Beim Auftaktfest zum Ulrichsjubiläum kamen Anfang Juli zahlreiche Besucherinnen und Besucher auf den Rathausplatz. Foto: Silvio Wyszengrad
Mit Augsburg-Motiv wurden schon viele Botschaften in die Welt geschickt. 1959 und 2009 erschienen Sonderbriefmarken zum 500. beziehungsweise 550. Geburtstag Jakob Fuggers, 1985 gab die Deutsche Post eine Briefmarke anlässlich des 2000-jährigen Bestehens der Stadt Augsburg heraus, 2007 erschien eine Sondermarke zum Thema "Augsburger Religionsfriede". Die Augsburger Puppenkiste durfte sich 2017 über verschiedene Briefmarkenmotive freuen, zum 500. Jubiläum der Fuggerei 2021 wurde ebenfalls eine Briefmarke ausgegeben. Das Motiv: eine Fotomontage von Architektur und Menschen der Fuggerei. Anlässlich des Doppeljubiläums erhält Bischof Ulrich im kommenden Jahr nun ebenfalls seine eigene Marke.

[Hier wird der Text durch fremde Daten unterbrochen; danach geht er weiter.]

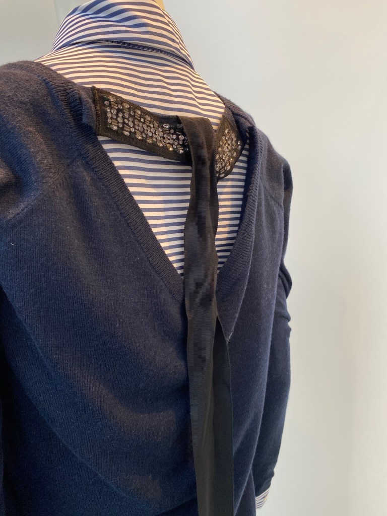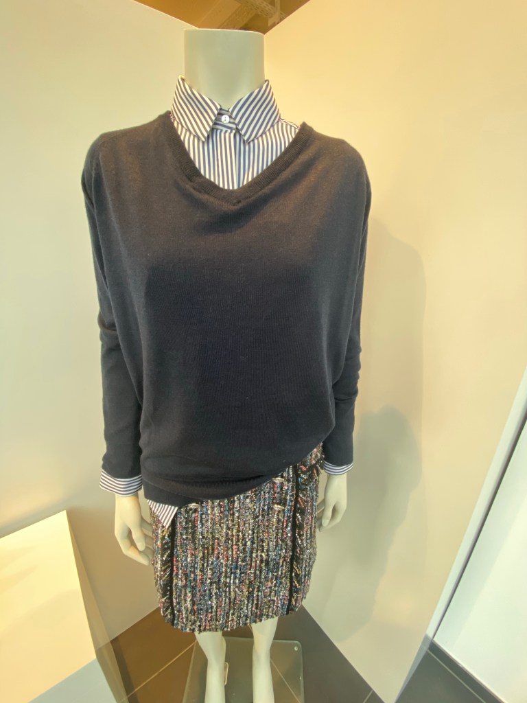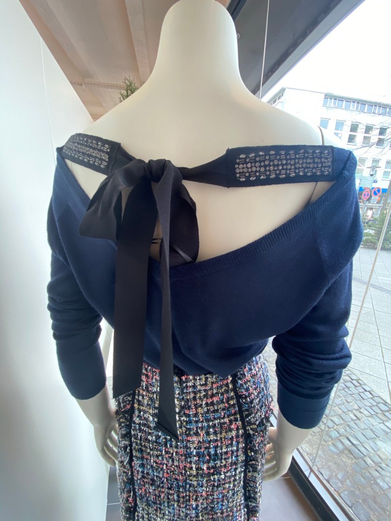 Hamburg trifft auf Chanel 🥰 der lässig geschnittene, aber trotzdem ein bisschen glamouröse Pulli rundet den Look alltagstauglich ab. Der Pulli ist mit Schnürung vorn oder hinten zu tragen, je nach Anlass und Laune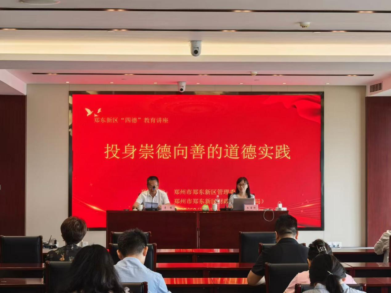 (通讯员:宋珂)8月26日,由郑州市郑东新区管理委员会和郑州市郑东新区财政管理局联合举办的“四德”教育讲座顺利开展,八叉书库 王雷松教授受邀担任主讲人,围绕相关主题,为郑东新区管委会相关职能部门带来关于“四德”建设的专题分享。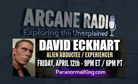 Join me as I welcome alien abductee and experiencer David Eckhart to Arcane Radio. Over a decade ago, David and his family began to endured numerous abductions and close encounters in their home near Pensacola, Florida. The encounters have continued, though the activity has recently picked up in intensity. David's ordeal has been thoroughly documented because of his determination to discover why he was chosen. I have assisted David in his journey since 2010. His story was presented on 'Fact or Faked: The Paranormal Files' which resulted in one of the series highest rated episodes, namely because the team could not debunk David's claims. This is the 1st time that I have publicly interviewed David. It's time for the truth to be disclosed LIVE! Please be advised: some of the information may be too intense and graphic for certain individuals. This should be a very informative show! Join us this Friday, April 12th at 9PM ET / 6PM PT on ParanormalKing.com - Meet us in the chat room...just click the banner or go to www.paranormal.olicentral.com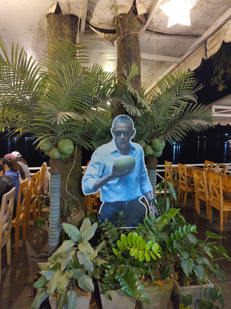 Nous nous arrêtons chez Obama Coconut 🥥 😂 (Le président était passé par ce bar pour boire un jus de coco) sans faire exprès car on rentre par l’autre côté. Bien sûr Laura a des goûts présidentiels et elle choisi le fameux jus de coco.
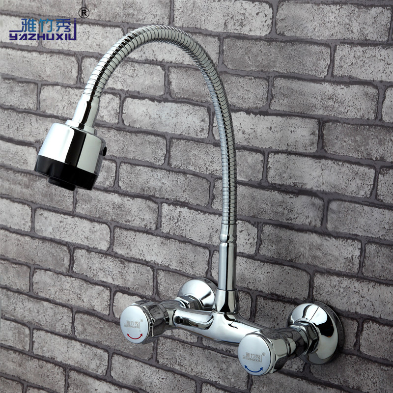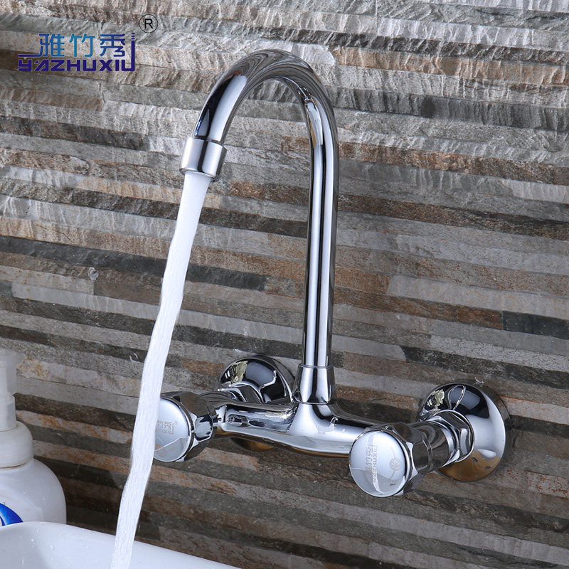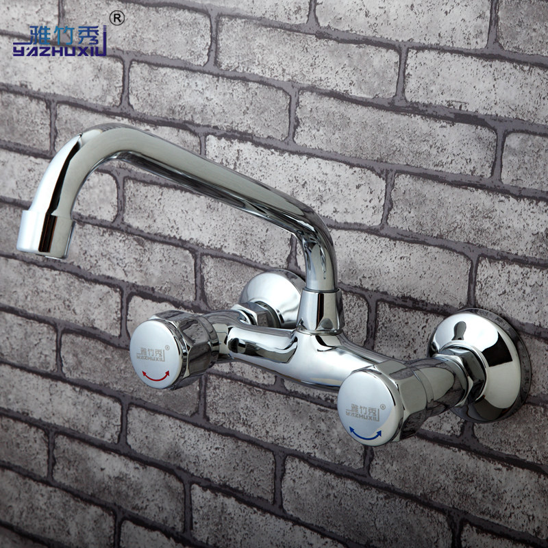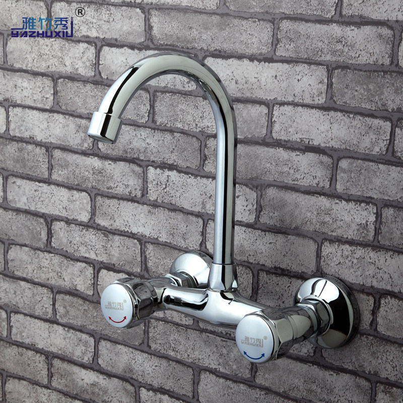 雅竹秀全铜主体入墙式水龙头双把双孔

Beim großen Auftaktfest auf dem Augsburger Rathausplatz gab es zahlreiche Stände und ein buntes Bühnenprogramm.
Im Zusammenhang mit Bischof Ulrich wird meist an das Jahr 955 erinnert. Damals gab es einen erneuten Angriff der Ungarn. Bischof Ulrich soll damals mit dem Schwert in der Hand und anstelle einer Rüstung nur mit einer Stola bekleidet auf der Stadtmauer gestanden und Augsburg verteidigt haben. Die Ungarn zogen sich zurück und wurden später von König Otto I. auf dem schwäbischen Lechfeld besiegt.

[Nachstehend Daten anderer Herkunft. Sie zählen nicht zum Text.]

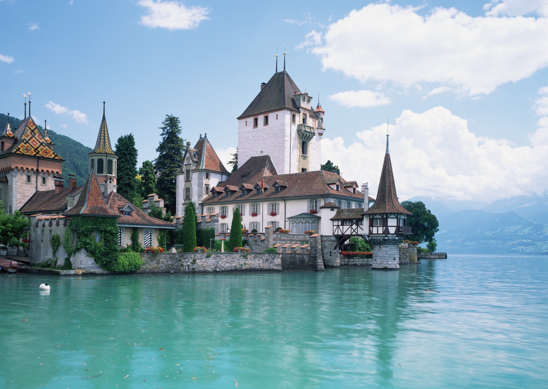 Rivière et maisons au bord du lac parmi les montagnes en autricheRivière et maisons au bord du lac parmi les montagnes en Autriche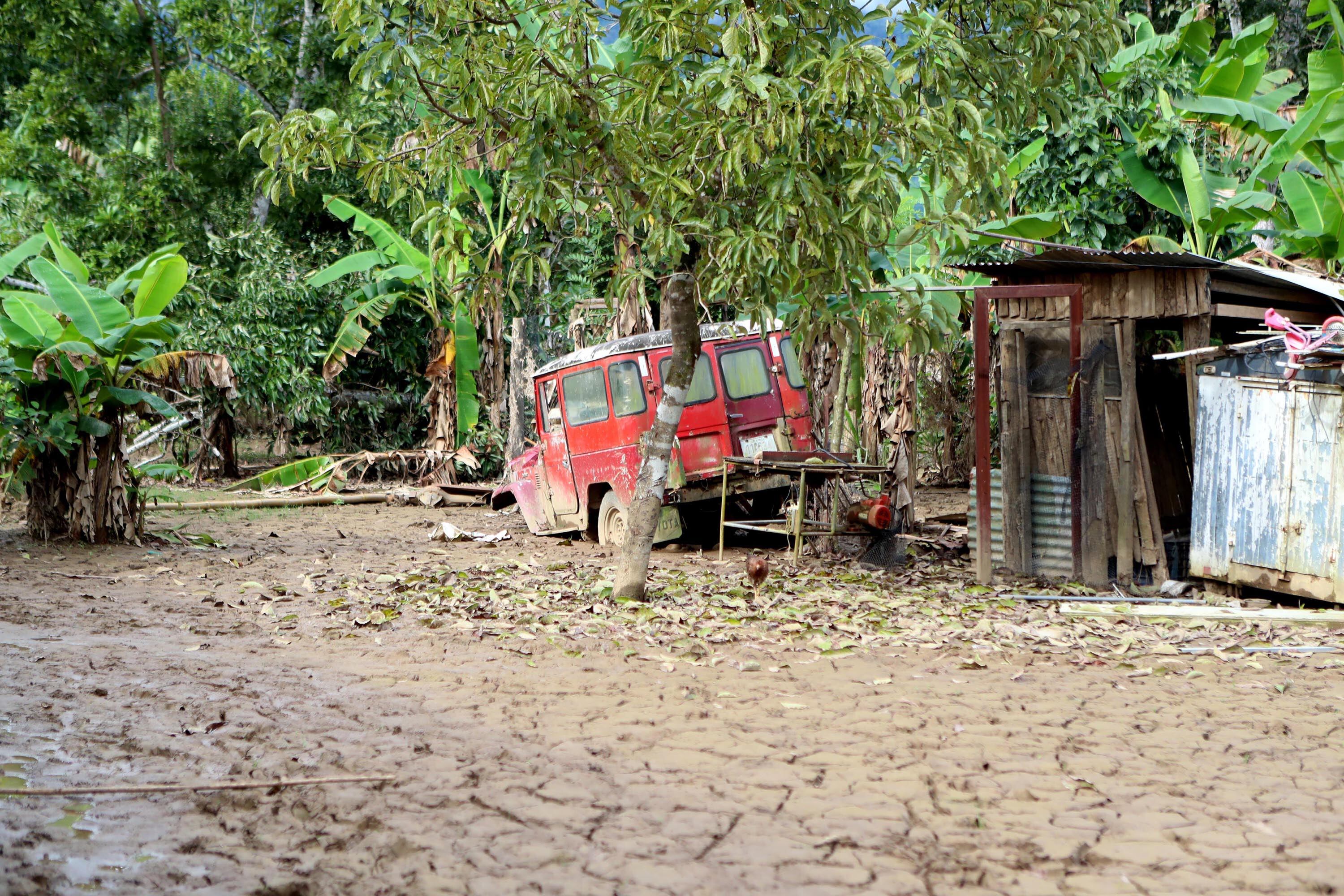 Todavía se ven muchas tucas tiradas en la finca, así como muebles apilados que el agua echó a perder, aunque ya lograron habilitar el camino de acceso al plantío de plátanos que usan como materia prima de su empresa.

Theo Waigel setzte sich für die Sonderbriefmarke für Bischof Ulrich von Augsburg ein
Bundesminister a.D. Theo Waigel setzte sich für eine Sonderbriefmarke für Bischof Ulrich von Augsburg ein. Unserer Redaktion liegt ein Briefwechsel mit dem heutigen Bundesfinanzminister Christian Lindner (FDP) vor. Lindner hatte Waigel zugesichert, dass er sich persönlich für die Herausgabe eines Sonderpostwertzeichens einsetzen werde. "Nun kann ich Ihnen mitteilen, dass es nächstes Jahr tatsächlich eine Marke geben wird", teilt er Theo Waigel mit. Die weiteren Einzelheiten, wie Erstausgabetermin und Nennwert der Sondermarken, würden noch mit der Deutschen Post AG abgestimmt. Lindner sei es eine Freude gewesen, sich für Waigels Vorschlag einzusetzen, betont er in dem Brief. Waigel, der im schwäbischen Ursberg geboren wurde und von 1989 bis 1998 Bundesminister der Finanzen und von 1988 bis 1999 CSU-Vorsitzender war, antwortete: "Die Diözese Augsburg und Bischof Dr. Bertram Meier werden sich darüber sehr freuen. Die Taten von Bischof Ulrich für Europa rechtfertigen die Sondermarke."
In der Tat freut es Bischof Bertram Meier, dass es eine Ulrichsbriefmarke gibt. Laut Katholischer Sonntagszeitung sagte er bei der Vorstellung des Programms zum Ulrichsjubiläum: "Es heißt in der jetzigen politischen Lage schon etwas, dass für einen katholischen Bischof eine Briefmarke herauskommt."